● What is being asked
Within the entries below, output exactly the lines between the line containing "Kemerli Pileli Geniş Paça Pantolon Siyah" and the line containing "Niewyraźna pielęgniarka trzymająca", inclusive, and omit any picture.

==== Data for analysis

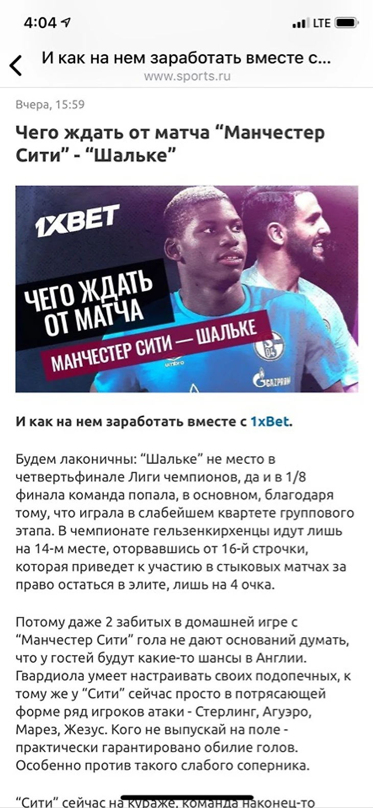2 место: Чего ждать от матча Манчестер Сити-Шальке от "Официального блога 1xbet"
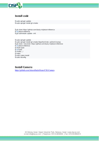 The document provides instructions for setting up an Nvidia Jetson Nano for video processing. It lists the required components which include a 32GB SD card, 5V 4A power supply, WiFi dongle, and Bluetooth keyboard and mouse. It also provides commands to download the disk image and install code for vision processing through git cloning repositories and using cmake to compile libraries.
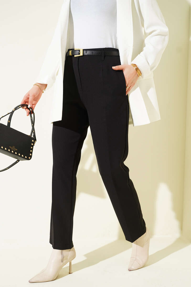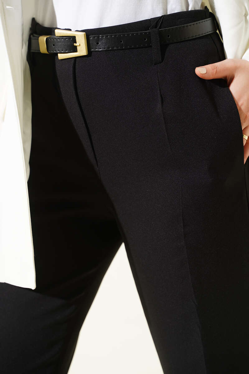 Kemerli Pileli Geniş Paça Pantolon Siyah
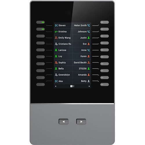 A backlit LCD extension module supported by the GRP2615, GRP2624, GRP2650, GRP2670 carrier-grade IP phones as well as and GXV3350 and GXV3450 IP video phones. 20 dual-colored extension keys and 2 arrow keys for page switching (allowing each GBX20 to support up to 40 contacts/extensions.). Connect up to 4 GBX20 modules to compatible Grandstream phones for a total of 160 contacts/extensions. BLF, call park /pick-up, speed-dial, presence, intercom, voice conferencing transfer/forward and more. 1 Year Manufacturer's Warranty.
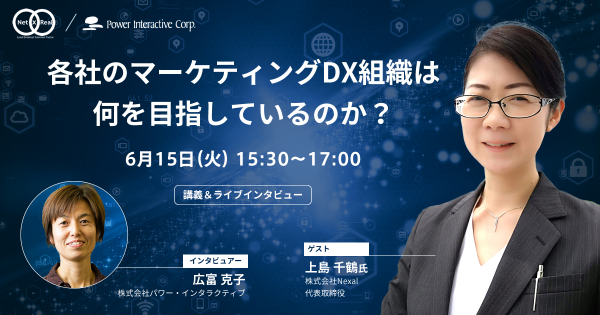 株式会社パワー・インタラクティブは、マーケティング組織の成長・発展に課題を抱えている経営層やCMOの方、DX推進部門の方を対象に、株式会社NEXAL 代表取締役 上島千鶴氏をお招きし、著書『営業を変えるマーケティング組織のつくりかた』について講演+Liveインタビュー形式で深掘りする無料ウェビナー『各社のマーケティングDX組織は何を目指しているのか?』(参加無料)を、6月15日に開催します。
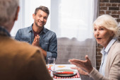 Niewyraźna pielęgniarka trzymająca herbatę w pobliżu wesołego pacjenta w domu opieki
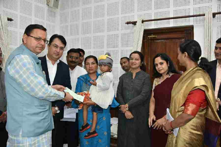 मुख्यमंत्री पुष्कर सिंह धामी ने कांस्टेबल स्वर्गीय प्रदीप कुमार की पत्नी श्रीमती दीपमाला को मुख्यमंत्री कैम्प कार्यालय में 50 लाख रुपए का चेक सौंपा। यह चेक एचडीएफसी बैंक की ओर से कांस्टेबल स्वर्गीय प्रदीप कुमार की पत्नी को दिया गया। प्रदीप कुमार का वेतन अकाउंट एचडीएफसी बैंक में संचालित था, जबकि उनका कोई अंशदान भी नहीं कट रहा था।

========

● Output below
 Kemerli Pileli Geniş Paça Pantolon Siyah
 A backlit LCD extension module supported by the GRP2615, GRP2624, GRP2650, GRP2670 carrier-grade IP phones as well as and GXV3350 and GXV3450 IP video phones. 20 dual-colored extension keys and 2 arrow keys for page switching (allowing each GBX20 to support up to 40 contacts/extensions.). Connect up to 4 GBX20 modules to compatible Grandstream phones for a total of 160 contacts/extensions. BLF, call park /pick-up, speed-dial, presence, intercom, voice conferencing transfer/forward and more. 1 Year Manufacturer's Warranty.
 株式会社パワー・インタラクティブは、マーケティング組織の成長・発展に課題を抱えている経営層やCMOの方、DX推進部門の方を対象に、株式会社NEXAL 代表取締役 上島千鶴氏をお招きし、著書『営業を変えるマーケティング組織のつくりかた』について講演+Liveインタビュー形式で深掘りする無料ウェビナー『各社のマーケティングDX組織は何を目指しているのか?』(参加無料)を、6月15日に開催します。
 Niewyraźna pielęgniarka trzymająca herbatę w pobliżu wesołego pacjenta w domu opieki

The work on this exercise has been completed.